## [How to complete this task]
Repeat the listing that follows exactly. Pictures are not part of the copy.

## [Data block]
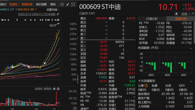自10月17日起,ST中迪已连续录得19个涨停板,最新市值为32.05亿元。
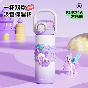 儿童水杯大容量吸管保温杯316不锈钢便携双饮学生卡通杯子新款
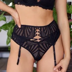 Le porte-jarretelles se pare d’une somptueuse dentelle légèrement ajourée et recouverte de motifs graphiques séduisants, pour envelopper majestueusement les hanches tout en soulignant la taille avec délice.

## [Result below]
自10月17日起,ST中迪已连续录得19个涨停板,最新市值为32.05亿元。
 儿童水杯大容量吸管保温杯316不锈钢便携双饮学生卡通杯子新款
 Le porte-jarretelles se pare d’une somptueuse dentelle légèrement ajourée et recouverte de motifs graphiques séduisants, pour envelopper majestueusement les hanches tout en soulignant la taille avec délice.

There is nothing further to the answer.